Let’s not just pick on Rivesaltes here. Jancis calls Banyuls its superior, writing, “Banyuls and Banyuls Grand Cru are the appellations for France’s finest and certainly most complex vins doux naturels” in the Oxford Companion.
Guess what? People aren’t drinking Banyuls either.

“I travel all over the world and I pour people the Banyuls,” says Jean-François Deu of Domaine du Traginer. “They like the wine, but they don’t buy it.”

Endings and new beginnings
Robinson visited Collioure, the main town for producing Banyuls, last year and reported that there’s only one working cellar left. Picturesque, seaside Collioure, with its old vineyards of Mourvèdre and Grenache and nobody local left to tend them. Cue the zither … but wait, there’s tuba and alto sax!

Turns out that the depressed prices for vineyards in Collioure has made them available for some of the young, ambitious winemakers in the nearby Rivesaltes region, except they don’t call it Rivesaltes for dry wines, they call it Roussillon. Because Rivesaltes is disappearing, and we’re not sorry.

Anyway. In Collioure, instead of deliberately overripe, shriveled grapes going into barrels to meet up with grain alcohol, now we’re seeing more of what the grapes can do when they’re picked for dry wine. Cazes is expanding there, and taking the vineyards he buys biodynamic. Deu is making much more dry wine.

It’s ironic, this market shakeout for dessert wines, but it might get even more extreme in the future. While the Wine Institute reports 7.6% of all US wine sales are dessert wines, says just 1.3% of its orders in 2013 were for dessert wines. The dessert wine market has farther to fall.

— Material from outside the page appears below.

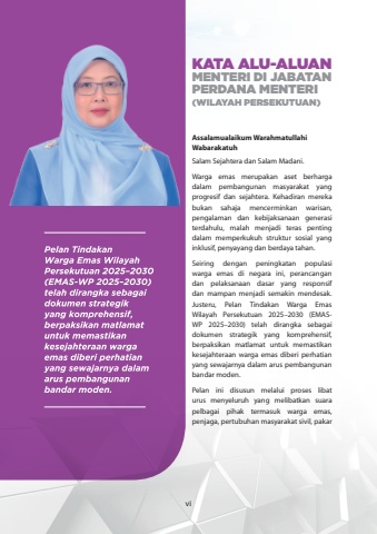 Assalamualaikum Warahmatullahi WabarakatuhSalam Sejahtera dan Salam Madani.Warga emas merupakan aset berharga dalam pembangunan masyarakat yang progresif dan sejahtera. Kehadiran mereka bukan sahaja mencerminkan warisan, pengalaman dan kebijaksanaan generasi terdahulu, malah menjadi teras penting dalam memperkukuh struktur sosial yang inklusif, penyayang dan berdaya tahan.Seiring dengan peningkatan populasi warga emas di negara ini, perancangan dan pelaksanaan dasar yang responsif dan mampan menjadi semakin mendesak. Justeru, Pelan Tindakan Warga Emas Wilayah Persekutuan 2025%u20132030 (EMASWP 2025%u20132030) telah dirangka sebagai dokumen strategik yang komprehensif, berpaksikan matlamat untuk memastikan kesejahteraan warga emas diberi perhatian yang sewajarnya dalam arus pembangunan bandar moden.Pelan ini disusun melalui proses libat urus menyeluruh yang melibatkan suara pelbagai pihak termasuk warga emas, penjaga, pertubuhan masyarakat sivil, pakar KATA ALU-ALUANMENTERI DI JABATAN PERDANA MENTERI (WILAYAH PERSEKUTUAN)vi

IMG_7956There’s going to be a winnowing, and Rivesaltes and Banyuls might not make the cut. But it’s worth noting that wine technology has changed since the time when vintners in those regions decided sweet wines were the highest and best uses of their grapes. Viticulture is more precise. Refrigeration is widely available. Dry wines can be made there now that weren’t possible even 30 years ago.

You want a parallel? It’s like the rise of Côtes de Gascogne wines in the region where all the grapes used to go into Armagnac. Armagnac is still great, but it’s possible to make delicious dry table wines there now in a way that wasn’t before.

My favorite wines from my visit to Côtes du Roussillon were from Domaine Gardiés. Jean Gardiés is in love with Mourvèdre-based blends, and his La Torre Côtes du Roussillon Villages 2011 is terrific: potent, ripe red fruit with plenty of minerality, a meaty texture and a long finish. It’s elegant and yet fruity, the kind of delicious organic wine we could use more of in the US, and I just couldn’t get enough of it. I hope he gets ahold of one of these suddenly affordable old vineyards in Collioure, because I’d like to taste what he can do with it. Cue tuba and alto sax.